MSC to end certification of fishing vessels engaged in compartmentalization by 2023

Published on
March 25, 2020

Fishing vessels certified by the Marine Stewardship Council will no longer be able to target a stock using non-certified fishing practices, beginning in 2023.

The MSC had been criticized for allowing “compartmentalization,” the practice of fishing vessels using certified and non-certified fishing methods while utilizing the same gear type. MSC-certified purse-seine tuna fisheries that employ certified “free-school” fishing methods and non-certified harvesting using fish aggregating devices or FADs had come under particular scrutiny, particularly from the “On the Hook” advocacy campaign. In response, last month, the MSC said it would address those concerns.

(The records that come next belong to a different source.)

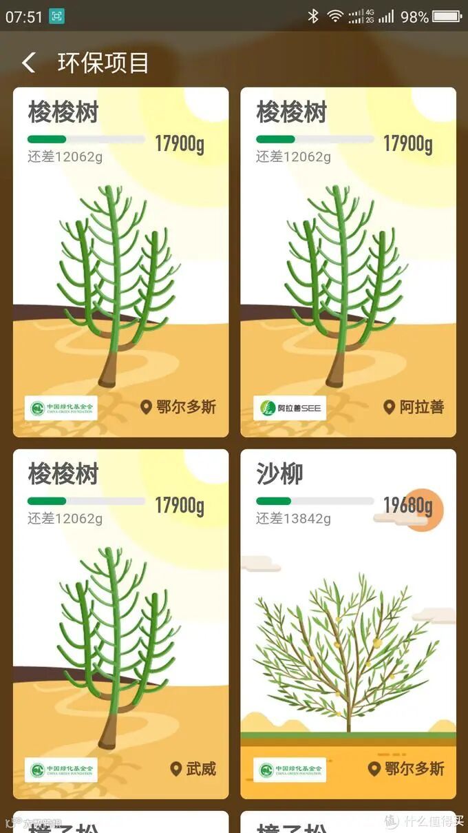五、当能量积累到一定程度就可以种树了。点击蚂蚁森林庄园右上角的“种树”,你可以根据自身所拥有的能量挑选自己想种植的树。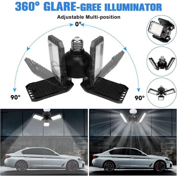 80-Volt 8000 Lumen LED Garage Ceiling Light with 3 Deformable Panels, 2 Pack, E26/E27 for Basement Barn Warehouse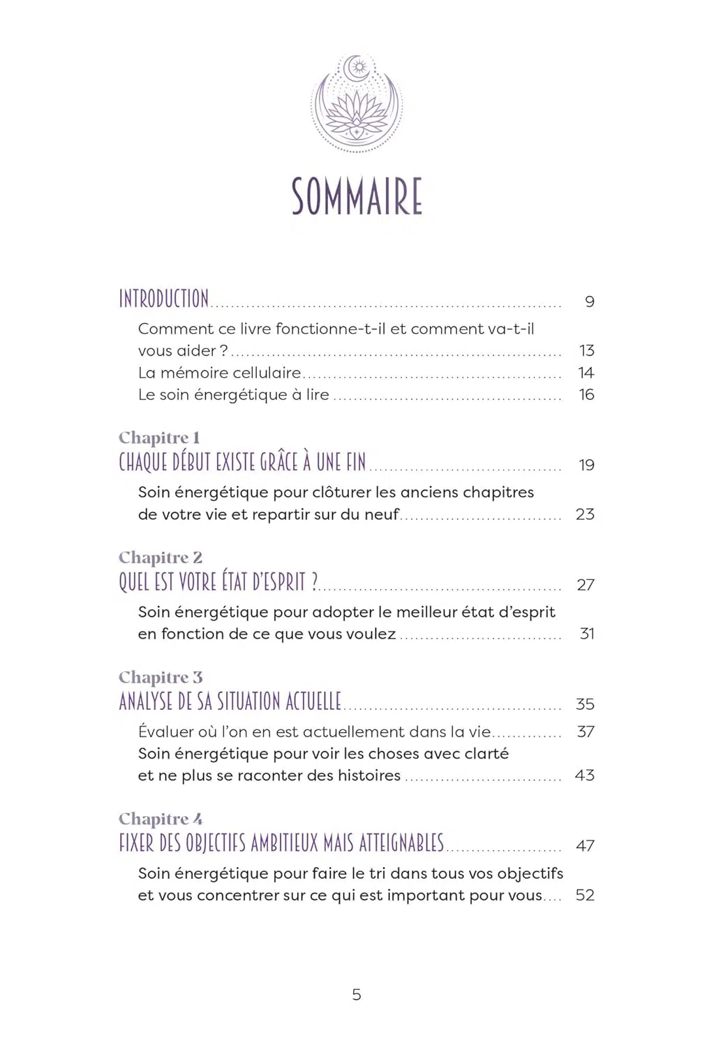 Pour ne pas mener une vie dictée par vos blessures du passé, pour dissoudre les blocages qui ont pu se former, il est nécessaire de régulièrement nettoyer vos mémoires cellulaires. Ce guide vous présente 19 protocoles énergétiques puissants, qui vous aideront à rétablir votre équilibre corporel. Constitués de gestes, de paroles, de méditations ou de visualisations, ces soins vous permettront, entre autres, de :

On 25 March, the organization released a set of changes to the document that defines the process requirements for certification bodies to assess fisheries against the MSC Fisheries Standard. The changes were made following 24 months of consultation with seafood industry stakeholders, scientists, and experts, and reflect feedback from NGOs, fishing organisations, and assessment bodies, according to MSC Chief Science and Standards Officer Rohan Currey.

“They’re designed to ensure that the process followed by independent assessment teams is robust, effective, and transparent,” he said.

Changes to MSC’s fisheries certification process will take effect for new fishery assessments after 25 September, 2020. Changes relating to compartmentalisation have been given a longer effective date beginning on 25 March, 2023, for already-certified fisheries, including any assessments started before 25 March, 2020.

The tuna industry, scientists, and the MSC are also looking into sustainable management opportunities with the use of FADs, Currey added.

The recently announced changes will also strengthen penalties related to evidence of shark-finning by a company or fishery. If a company or organization is convicted of shark-finning, they will not be eligible for MSC certification for two years. If there is evidence of shark-finning in a certified fishery, that fishery will face suspension if the offending vessel is not removed from the certificate. These changes are intended to strengthen the MSC’s commitment to addressing shark finning while punishing specific offenders – now a fleet will not necessarily lose its certificate due to the activity of one boat or member, Currey said.

The issue of shark-finning is also being considered by MSC as part of its Fisheries Standard Review, which will assess how certified fisheries ensure that shark finning is not occurring.

Reporting requirements regarding the fulfilment of conditions and how improvements are delivered have also been strengthened. Certifying bodies will be required to provide a more detailed description of steps taken by a fishery to meet conditions of certification. As a part of this process, the MSC has published a “conditions log” to create greater consistency, transparency, and public access to information on condition information on MSC certified fisheries.